Due to the failure of its first pure electric product, Li Auto is facing a "window period" for its products in the second half of the year. According to Li Auto's delivery volume and revenue guidance for the third quarter, the delivery volume for the third quarter is expected to be between 0.145 million and 0.155 million vehicles, an increase of 33% to 42% quarter-on-quarter. The total revenue for the third quarter is 39.4 billion to 42.2 billion yuan. Changqiao Securities analysis believes that if other business revenue is estimated at 1.38 billion yuan, the implied unit price for the automotive business is only 2.63 million yuan, a decrease of 0.16 million yuan quarter-on-quarter.
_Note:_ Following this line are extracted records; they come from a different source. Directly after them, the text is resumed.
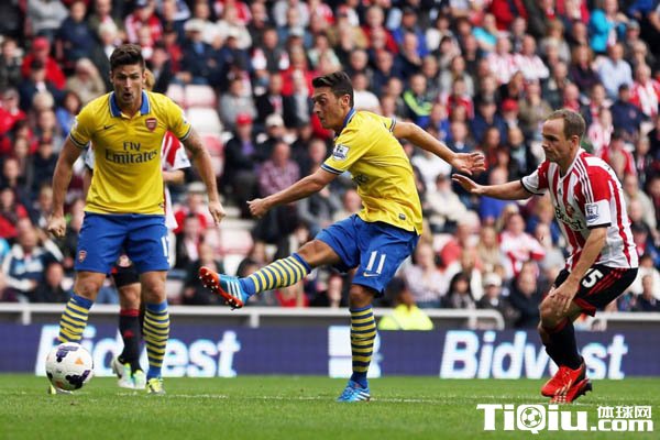 国际足球 时间:2013-09-16 10:06来源:http://gjzq.tiqiu.com编辑:小伍哥【导读】北京时间9月14日22时,英超第4轮阿森纳做客光明主场挑战“黑猫”桑德兰,枪手3-1战胜主队豪取联赛三连胜,并凭借着净胜球优势暂居积分榜首位。顶着4250万英镑身价厄齐尔在万众瞩目之下也迎来自己英超的首秀,德国人仅仅只用10分钟就征服英超球迷的心,正是厄齐尔助攻吉鲁为阿森纳首开纪录,上半场多次传出好球,只怪队友射术不精,浪费良机。
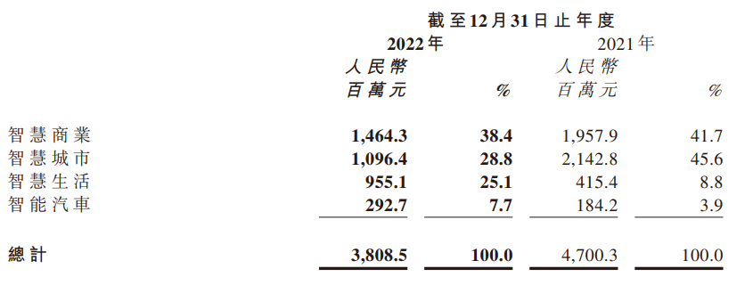 2022年及此前,商汤的业务主要分为智慧商业、智慧生活、智能汽车、智慧城市四大业务线。值得注意的是,近年来,该公司智慧城市业务营收出现明显下滑,与此同时,商汤积极推广生成式AI业务,业务结构进一步转型。
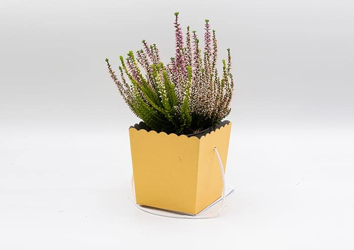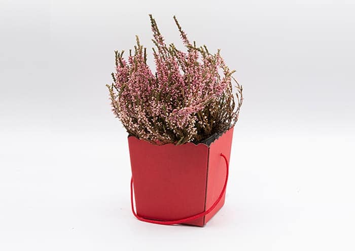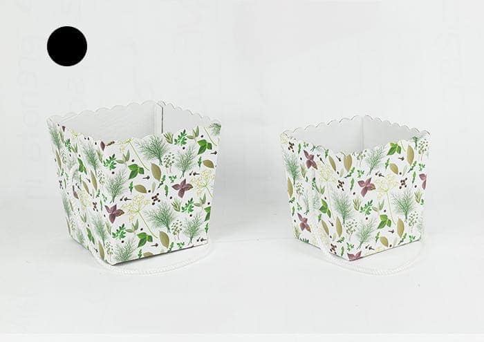 Travel flower box è una scatola di forma svasata pensata per aiutarti a confezionare velocemente piante verdi, aromatiche, grasse e fiorite in un battibaleno. E’ adatta ad ospitare piante con vaso 14-16 cm. Da notare che questa flowerbox non ha coperchio e prevede un lungo manico per facilitare il confezionamento e il trasporto delle piante.
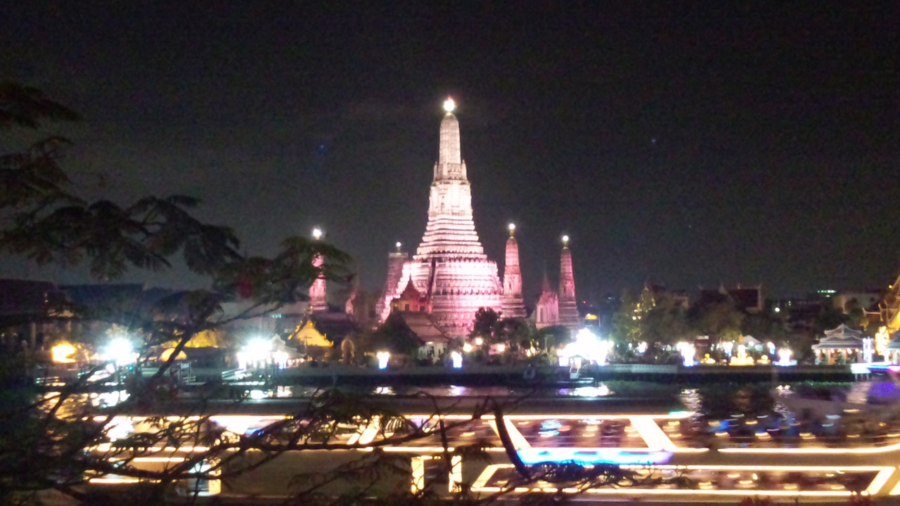 部屋からワットアルンのライトアップをずっと眺めることのできるホテルです。
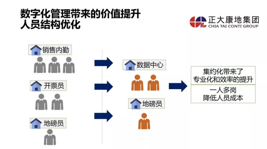 在ERP上线之前,我们所有的订单全部是销售内勤在开单。ERP上线之后,我们有一套新的手机订单系统,业务员开始自己下单,这直接导致了销售内勤减员一半。我们把这一半人员分为两个组:一个是数据中心组,10人左右,负责整个集团所有营销团队的客户主数据、合同、定价等等这些数据的管理工作;一个是协调组,当销售人员和生产之间发生问题的时候,由他们进行协调。

This means that Li Auto may lower prices again in the future to increase sales volume.

"Li Auto will address the appearance issue of pure electric products and provide users with over 2,000 supercharging stations upon delivery. We hope that within two years, Li Auto will enter the first echelon of high-end pure electric products." Li Xiang, Chairman of Li Auto, said at the second quarter earnings conference call that a completely new pure electric product will be released in the first half of 2025.

The translation is provided by third-party software.